Developer guide¶
This section is for those who wish to author notebooks to distribute to users for use in Excel.
Register functions for Excel¶
To register a python function to be exposed inside Excel with Anaconda Fusion, simply use the @fusion.register()
decorator.
from anacondafusion.fusion import fusion
@fusion.register()
def add_evens(data):
total = 0
for item in *data:
if item % 2 == 0:
total = total + item
return total
You can pass lists of predefined inputs in drop-down menus for Excel users in Anaconda Fusion by passing them as an argument in the decorator. For example:
algorithms = ['MiniBatchKMeans', 'AffinityPropagation', 'MeanShift',
'SpectralClustering', 'Ward', 'AgglomerativeClustering',
'Birch', 'DBSCAN']
@fusion.register(args={'algorithm':{"values": algorithms}, 'n_clusters': {"values":[3, 4, 5, 6]}})
The Excel user will be able to select the values for algorithms and n_cluster from a drop-down menu with the options given:
Document your functions for end users¶
You can write documentation in markdown for users of your Fusion functions by writing docstrings. For example:
@fusion.register(args={'algorithm':{"values": algorithms}, 'n_clusters': {"values":[3, 4, 5, 6]}})
def clustering(data, algorithm='MiniBatchKMeans', n_clusters=3):
"""
Use Clustering function
-----------------------
The clustering function receives a 2-column table (x, y) `data`
and applies the selected `algorithm` with the number of clusters `n_clusters`.

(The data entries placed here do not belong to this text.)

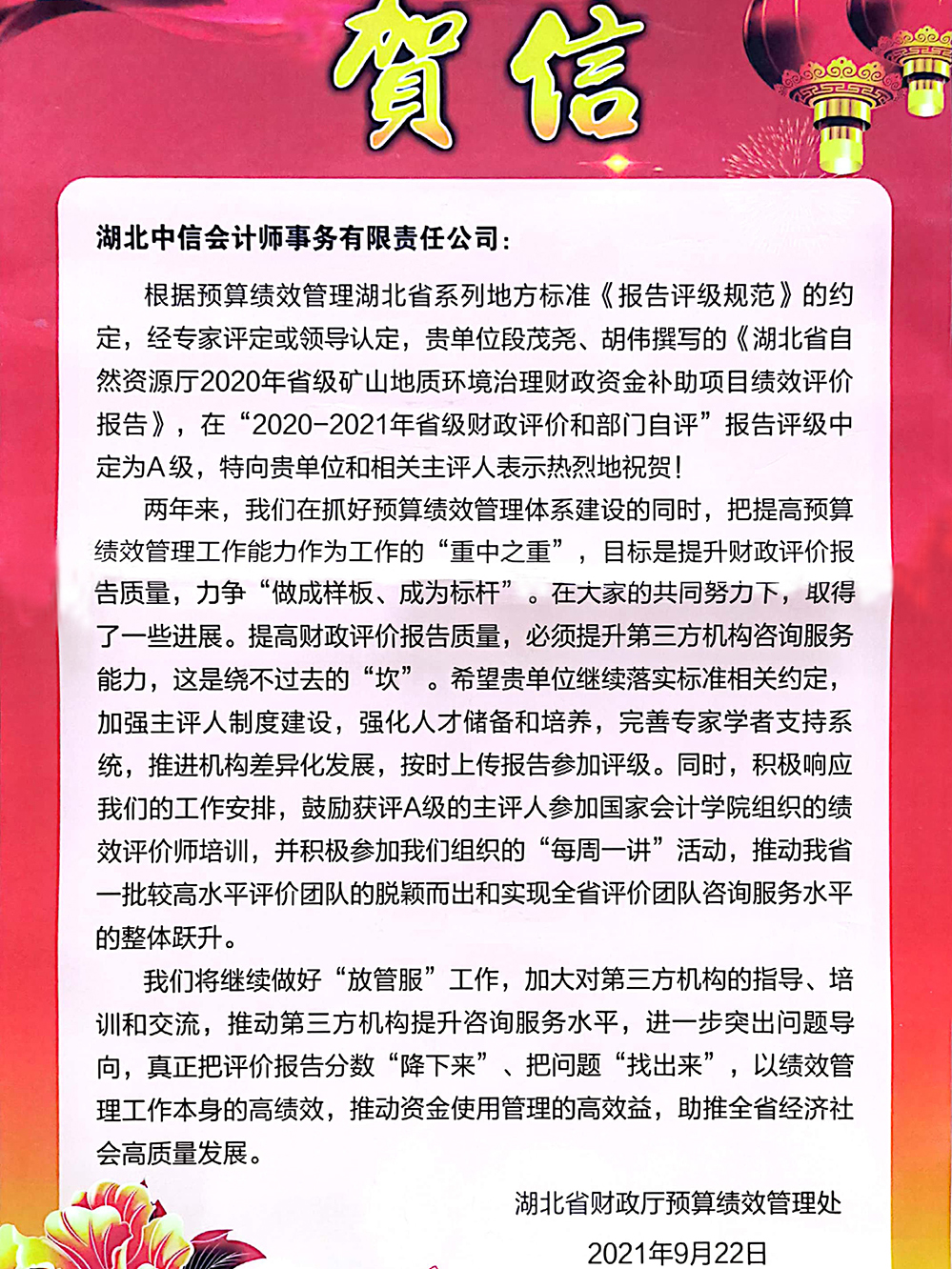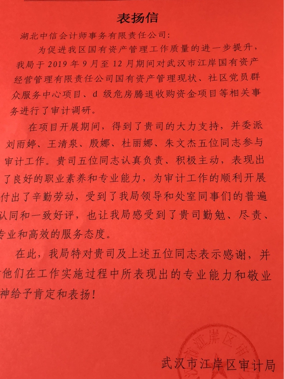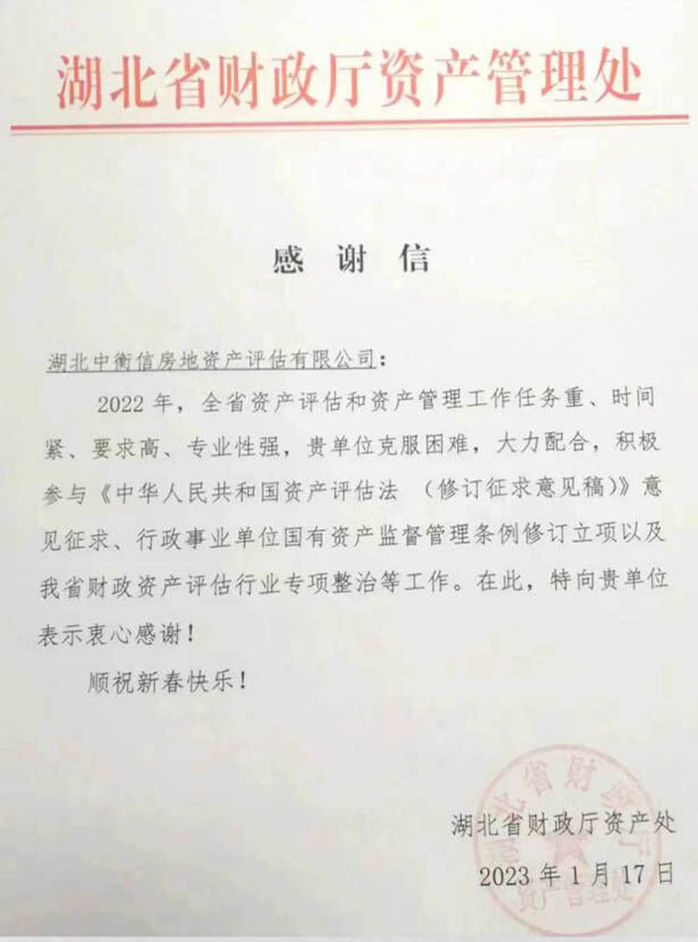 評估公司收到省財政廳資產(chǎn)處感謝信
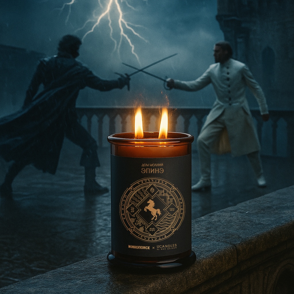 Дом Эпинэ - это вихрь эмоций, непредсказуемость и внутренняя яркость. Их сила подобна вспышке молнии: яркая, волнующая, тревожная.Этот аромат олицетворяет личную силу и тонкую эмоциональность, характерную для потомков древней крови. Свеча открывается свежим аккордом ели и цитрусов - как воздух, насыщенный озоном перед грозой.Это аромат тех, кто идёт туда, где небо разрывает пополам от молний.
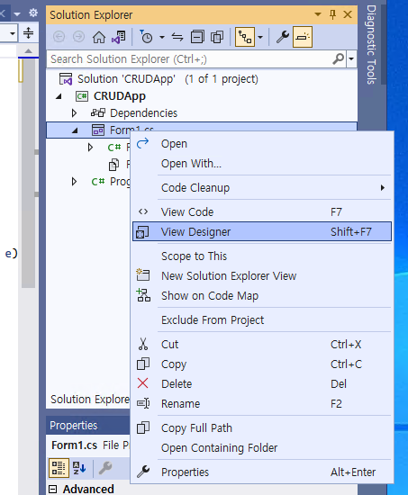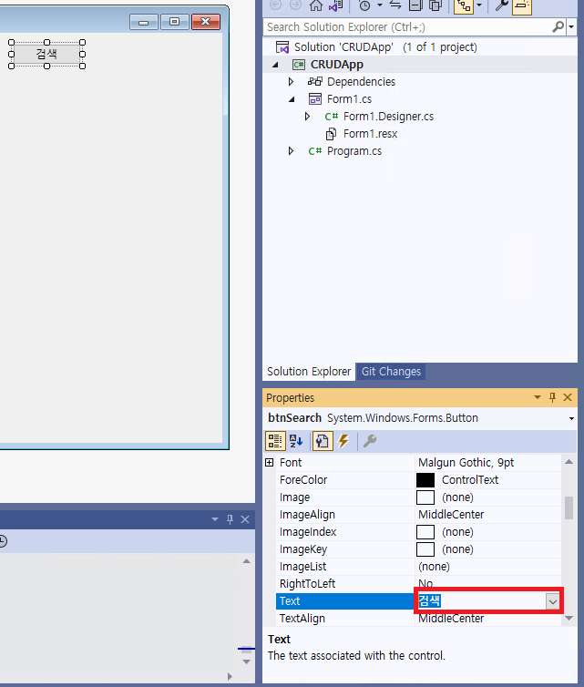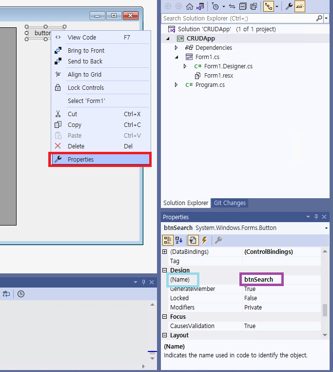 - 다음과 같이 버튼(@Button@)을 한 번 클릭한 후, 마우스 오른쪽 버튼 > @[Properties]@를 클릭한다. 그리고 @[(Name)]@을 @btnSearch@로 지정해준다. 그리고 @[Text]@를 @검색@으로 지정해준다.

The available algorithms are:
* MiniBatchKMeans
* AffinityPropagation
* MeanShift
* SpectralClustering
* Ward
* AgglomerativeClustering
* Birch
* DBSCAN
SEE more information about `clustering and scikit-learn <http://scikit-learn.org/stable/modules/clustering.html>`_.
When a users clicks the i Information icon next to the function in the Anaconda Fusion UI, they can read the documentation written in the docstring:
Data types and structures¶
Excel data types and shapes are very similar to their counterparts in high level languages like Python. In general, Anaconda Fusion takes care of the conversion between the 2 sides seamlessly but it’s also very important to understand the more complex structures (such as Ranges) to be able to manipulate the source data through transformations in order to change the default conversion behavior when needed.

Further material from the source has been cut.